1. Budapest

In a sense this meditation resembles the fate of Hungary. It was written in a moment of inspiration and then completely wiped out, by a technical error. The draft still floats around in my mind as a dream but also as a thing of the past. Can one revisit an imaginary country?

I had visited Budapest before. The past had seemed more present than the present. The shoes of the Jews killed on the banks of the Danube had been eternalised in metal and were signalling an eternal emptiness, like the ‘stumble stones’ (Stolpersteine) of Berlin evoke the emptiness of the apartments behind the doorbell, where the murdered lived.

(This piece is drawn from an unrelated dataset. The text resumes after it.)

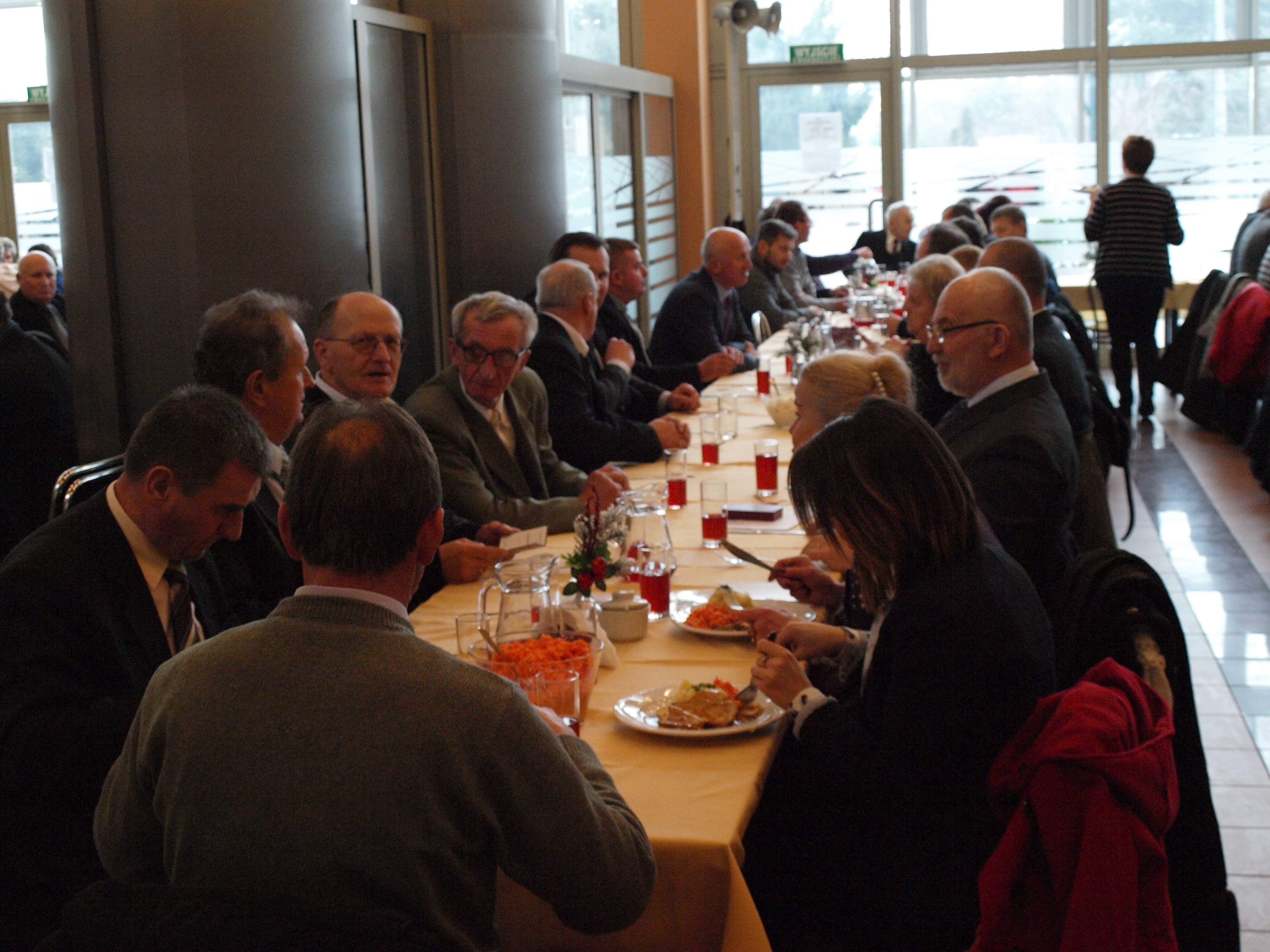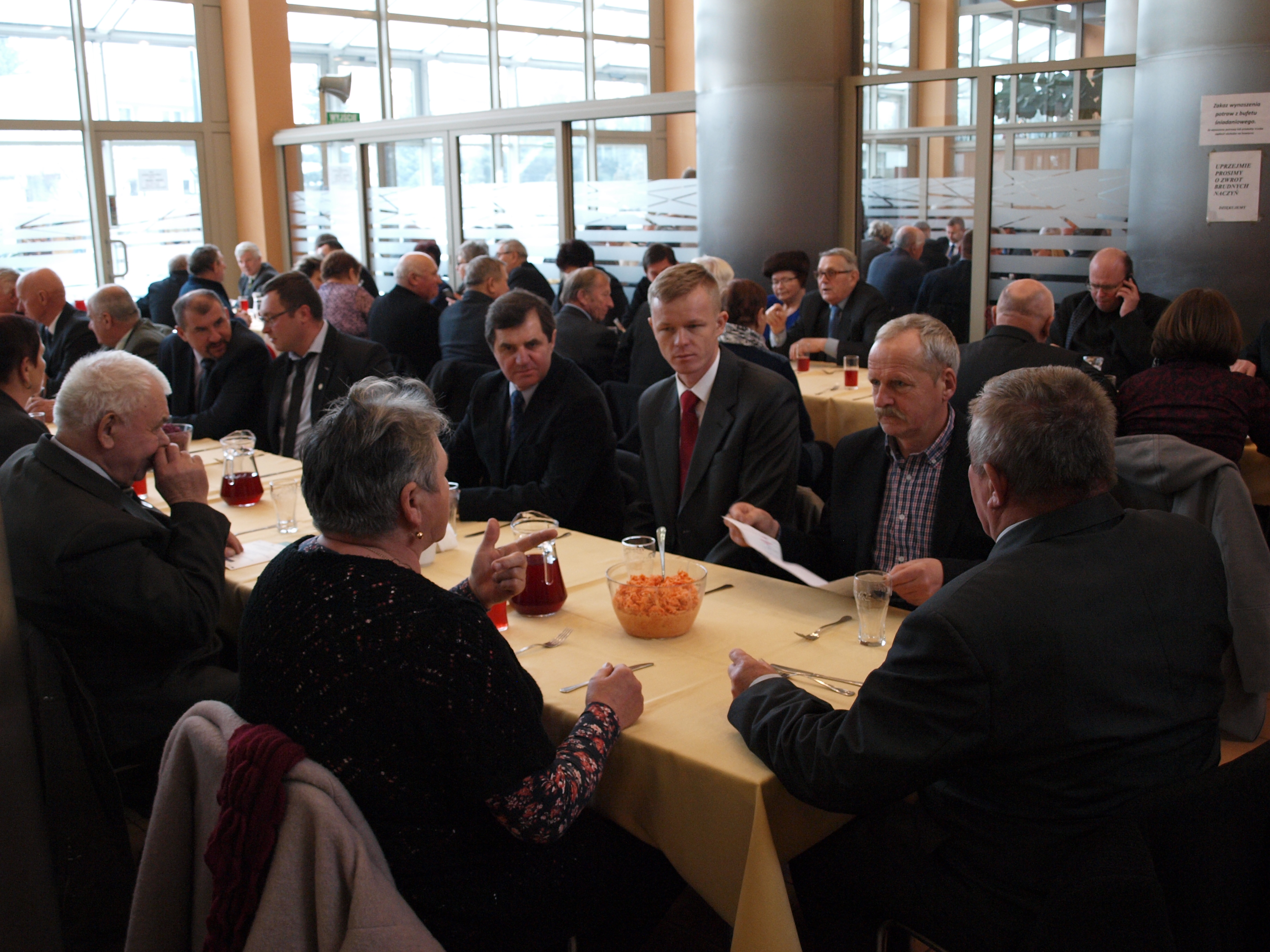 W ostatniej części spotkania głos zabrał Prezes Małopolskiego Stowarzyszenia Sołtysów – Grzegorz Przybyło. „Dziękując wszystkim za obecność, składam najlepsze życzenia noworoczne dla szanownych gości oraz wszystkich koleżanek sołtysek i kolegów sołtysów. Podsumowując ubiegły rok 2016, mogę stwierdzić, że był on dla naszego Stowarzyszenia wyjątkowy. Po kilkuletniej przerwie, organizacja na nowo nabrała rozmachu w swej działalności, aby przede wszystkim dbać o małopolskich sołtysów, a co za tym o nasze małe ojczyzny. W najnowszej historii Stowarzyszenia znalazły się dwa wydarzenia z ubiegłego roku, które istotnie wskazały, że Stowarzyszenie odgrywa ważną rolę nie tylko w województwie małopolskim, ale i w Polsce. Pierwsze z nich miało miejsce w czerwcu 2016, gdzie w partnerstwie z Urzędem Marszałkowskim, Małopolskie Stowarzyszenie Sołtysów zorganizowało Ogólnopolski Zjazd Krajowego Stowarzyszenia Sołtysów. Jego uczestnikami byli delegaci ze stowarzyszeń działających na terenie kraju i zrzeszających sołtysów z całej Polski. Trzeba także wspomnieć o takich inicjatywach jak powrót do podtrzymania tradycji opłatkowej - w styczniu poprzedniego roku odbyło się pierwsze po kilkuletniej przerwie spotkanie opłatkowe. Kolejna z nich to coroczny Konkurs Na Najlepszego Sołtysa Województwa Małopolskiego. Nie można zapomnieć również o drobnych rzeczach jak zwykłe spotkania członków zarządu z sołtysami, wydanie materiałów promocyjnych Stowarzyszenia oraz o pracy wewnątrz naszej Organizacji, które usprawniały jej funkcjonowanie.  Koniec ubiegłego roku przyniósł nawiązanie relacji i współpracy z Wojewódzkim Urzędem Pracy, z ARMIR-em, a także Uniwersytetem Rolniczym. Jeśli chodzi o media należy wymienić tutaj Radio Kraków, gdzie nasi sołtysi mają możliwość opowiedzenia na antenie słuchaczom o swoich miejscowościach, ludziach czy też podejmowanych, innowacyjnych działaniach. W tym miejscu warto podkreślić, że od wielu lat, przede wszystkim, wtedy gdy kondycja naszej Organizacji była trochę gorsza, zawsze wspierał nas Bank BGŻ, a obecnie BGŻ BNP Paribas, w osobie Pana Tadeusza Wójcika. Dzisiaj, serdecznie pragnę podziękować wszystkim osobom i instytucjom, także i tym których tutaj nie wymieniłem, a wspierają nas choćby w najmniejszym zakresie. Obecny 2017 rok jest będzie dla nas czasem szczególnym. Małopolskie Stowarzyszenie Sołtysów będzie obchodzić 25-cio lecie swojego istnienia. Już podjęliśmy działania mające na celu uświetnienie tej rocznicy. Już dziś, w imieniu całego zarządu, wszystkich obecnych na spotkaniu, serdecznie zapraszam na tę dużą uroczystość, która odbędzie się na przełomie miesięcy wrzesień/październik. Podczas tego wydarzenia chcemy docenić wszystkich naszych partnerów, którzy wspierali naszą organizację. Zapraszam ich także do włączenia się w tę uroczystość. Dodam, że będzie to duże wydarzenia z udziałem wielu znamienitych gości, w tym przede wszystkim sołtysów z całej Małopolski. Ten rok to także organizacja Konkurs Na Najlepszego Sołtysa Małopolski, którego rozstrzygnięcie tym razem będzie miało miejsce w Radgoszczy. To również konkurs Wojewódzkiego Urzędu Pracy, skierowany do sołtysów i samorządów wspierających edukację. To także w dalszym ciągu nawiązywanie i odświeżanie relacji z instytucjami i osobami związanymi z małopolską wsią. Ponadto czeka nas praca nad publikacją podsumowującą 25-lecie naszej Organizacji. Cieszy nas również fakt powstania Instytutu Socjologii Wsi na Uniwersytecie Rolniczym, gdyż jest to nauka, której nieodłącznym elementem są i będą sołtysi oraz polska wieś. Nie sposób dziś przewidzieć co dokładnie nas czeka i co jeszcze uda nam się zrealizować. Powyższe plany to założone minimum do wykonania. Jestem pewien, że sprawne funkcjonowanie naszej Organizacji przyczyni się w bezpośredni sposób do efektywnego wspierania sołtysów z całej Małopolski i rozwoju małopolskiej wsi.” Kolejnym elementem spotkania było połamanie się opłatkiem i złożenia sobie życzeń przez obecnych sołtysów i zgromadzonych gości. Po czym wszyscy zostali zaproszeni na wspólny obiad.

The past seemed still much cared for. The parliament I remembered as a place of agitation and demonstration, of slogans and placards, now had the tranquillity of a restored park. The epic bronze statues had been returned to their historical places. The flowerbeds separating the public space from the streets below with benches, had a touch of New York’s Highline where the disused railroad had been transformed in a walk to get an evening breeze from the Hudson.

In a park nearby Attila Joszef, an unhappy poet of the thirties, was pictured as gazing toward the river. Poetry was taught at school so that in the evening a Hungarian friend could recite eternal poems from memory. The poet had thrown himself under a locomotive. But the clear water of his poetry had burst through the vessel of his lonely language and still spoke.

Today not so much the past seemed present, but the present.

More than the urn, the water seemed to be moving.